# Japanisches Thalictrum?



## Shiva88 (13. Feb. 2012)

Einen wunderschönen guten Morgen,

ich würde gerne hinter meinem Teich eine halbhohe bis hohe winterharte Staude pflanzen.

Jetzt habe ich mich erstmal für die Japanisches Thalictrum entschienden.

hier mal ein Link:

http://www.baldur-garten.de/produkt...menstauden/Japanisches+Thalictrum/detail.html

Kennt jemand diese Pflanze und hat jemand erfahrung mit dem Versandhandel?

Für weitere Vorschläge von schönen Blütenstauden, vielleicht auch gut duftend, wäre ich auch sehr dankbar. 

LG Jacky


----------



## Knoblauchkröte (13. Feb. 2012)

*AW: Japanisches Thalictrum?*

Hi Jacky,

dieses Thalictrum delavayi bzw. dipterocarpum stammt aus China. Fas Foto jedenfalls extrem aufgeputscht worden (computermanipuliert). In Wahrheit sind die Blüten auch nur leicht rosa wie bei der heimischen __ Wiesenraute. Diese beiden Arten sind auch nicht ganz winterhart wie es Baldur weißmacht:shock (brauchen an den meißten Stellen Winterschutz da vor allem Barfröste schlecht vertragen werden).

Mein Motto: Traue nie Fotos im Katalog eines Pflanzenversandes

MfG Frank


----------



## Shiva88 (13. Feb. 2012)

*AW: Japanisches Thalictrum?*

Hallo Frank,

ich konnte mir schon denken, dass das Foto nicht ganz der Wahrheit entspricht
Aber das die das so verändert haben ist ja schon verars...e! :evil

Ich finde es auch immer schlimm, wenn "winterhart" in der Beschreibung steht, obwohl es nicht so ist (hatte ich jetzt schon öfter bei Recherchen rausbekommen, gerade bei angepriesenen Bäumen). :sauer

Habt ihr noch Ideen von anderen Stauden? 

LG Jacky


----------



## Eva-Maria (13. Feb. 2012)

*AW: Japanisches Thalictrum?*

Mit speziell DIESEM Versandhandel vor 3 Jahren extrem schlechte Erfahrung gemacht.
ICH werde dort garantiert nie wieder bestellen, und in diesem Falle wirklich nie wieder!
Für viel Geld Stauden/Sträucher bestellt = schlechteste Qualität, da war die Quali aus dem Baumarkt besser!
Die schlechte Quali gab es dann auch noch zu einem besonders teuren Preis!!
Reklamation wurde erst mal 3 - 4 Wochen nicht bearbeitet, emails nicht beantwortet.
Ich bin restos bedient von diesem Händler.


----------



## laolamia (13. Feb. 2012)

*AW: Japanisches Thalictrum?*

hi!

ist zwar nicht das thema ABER: auch ich bin von diesen versendern geheilt- geiz ist geil funktioniert halt oft nicht.
ich kauf fast nur noch im fachhandel (leben und leben lassen)
langsam kennt man sich und da wird auch schon mal die wunschpflanze bestellt.

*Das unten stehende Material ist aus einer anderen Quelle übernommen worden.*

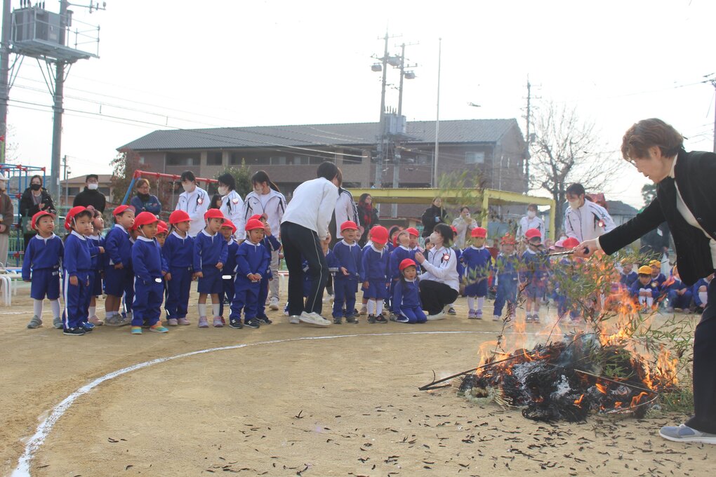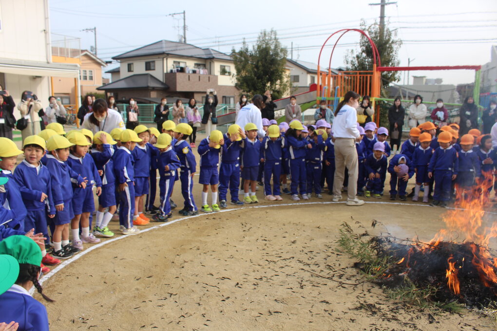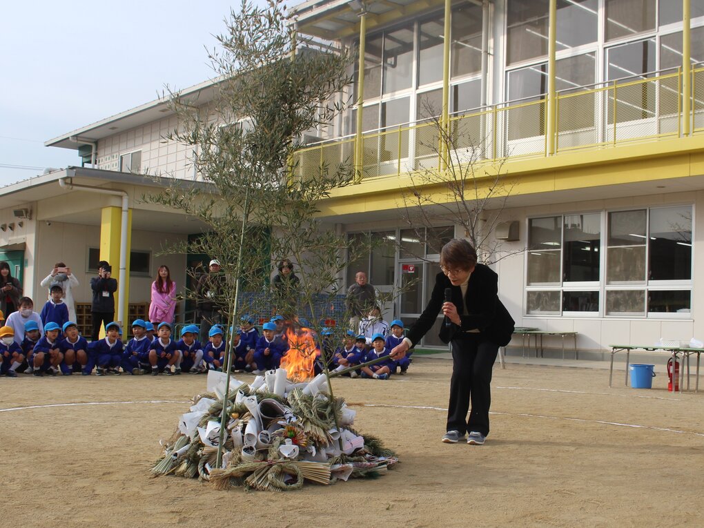 園の皆が輪になり、行事の由来の意味を子どもなりに知ったり、燃え上がる大きな火を見たり、また、新しい年になり挑戦したいことを考えたりする貴重な体験・機会となったのではないかと思います。これからも、家族の健康と幸、そして米が豊作になることを願って生まれた(室町時代)この行事は時代が変わっていっても人間が生きていくために不可欠です。今の子ども達にも大切に、伝えつないでいきたいと思います。

auf alle faelle mach ich immer eine google bilder suche vorher und versuche die pflanzen "lebend" zu sehen.

gruss marco


----------



## Knoblauchkröte (13. Feb. 2012)

*AW: Japanisches Thalictrum?*

Hi Jacky,

bei der Angabe Winterhart sollte man immer Bedenken das sich das u.a auf den Produktionsort der Pflanzen bezieht.
Nicht alles was z.B  in den Niederlanden (Klimazone 8-7) über den Winter kommt ist hier bei teilweisem Kontinentalklima auch hart genug (Klimazonen 7-5)

MfG Frank


----------



## pema (13. Feb. 2012)

*AW: Japanisches Thalictrum?*

Hallo Jacky,

etwas ähnlich, aber winterhart und sehr wüchsig, ist die __ Anemone hupehensis (japanische Herbstanemone). 
Ihr Nachteil ist wirklich nur ihre Wüchsigkeit...die mußt du im Auge behalten

petra


----------



## Shiva88 (14. Feb. 2012)

*AW: Japanisches Thalictrum?*

Guten Morgen an alle,

vielen Dank für die Antworten.

@Petra:

Kann man bei der __ Anemone mit Wurzelsperre arbeiten, dass sie sich nicht so ausbreitet oder macht das hier keinen Sinn. 

Aber schöne Pflanze


----------



## pema (14. Feb. 2012)

*AW: Japanisches Thalictrum?*

Hallo,
nun ja, Wurzelsperren kenne ich eigentlich nur für Bambus. Wird sicherlich bei dieser __ Anemone auf funktionieren. 
Allerdings würde es auch reichen, nicht ganz so faul wie ich zu sein und die Ausläufer im Frühling abzustechen.

Nur wenn du gar nichts machst, hast du nach 2 oder 3 Jahren einen wirklich schöne große Anemonenpflanzung...und das ist ja - je nach Platzangebot - vielleicht auch erwünscht

petra


----------



## Hagalaz (14. Feb. 2012)

*AW: Japanisches Thalictrum?*

Dieses schöne "Unkraut" habe ich bei mir auch im Teichbeet und ich würde dir eine Wurzelspeere empfehlen bei mir wachsen diese sch***** Dinger überall und Wurzeln sind noch in 50 cm Tiefe zu finden aber sonst wunderschöne Pflanze


----------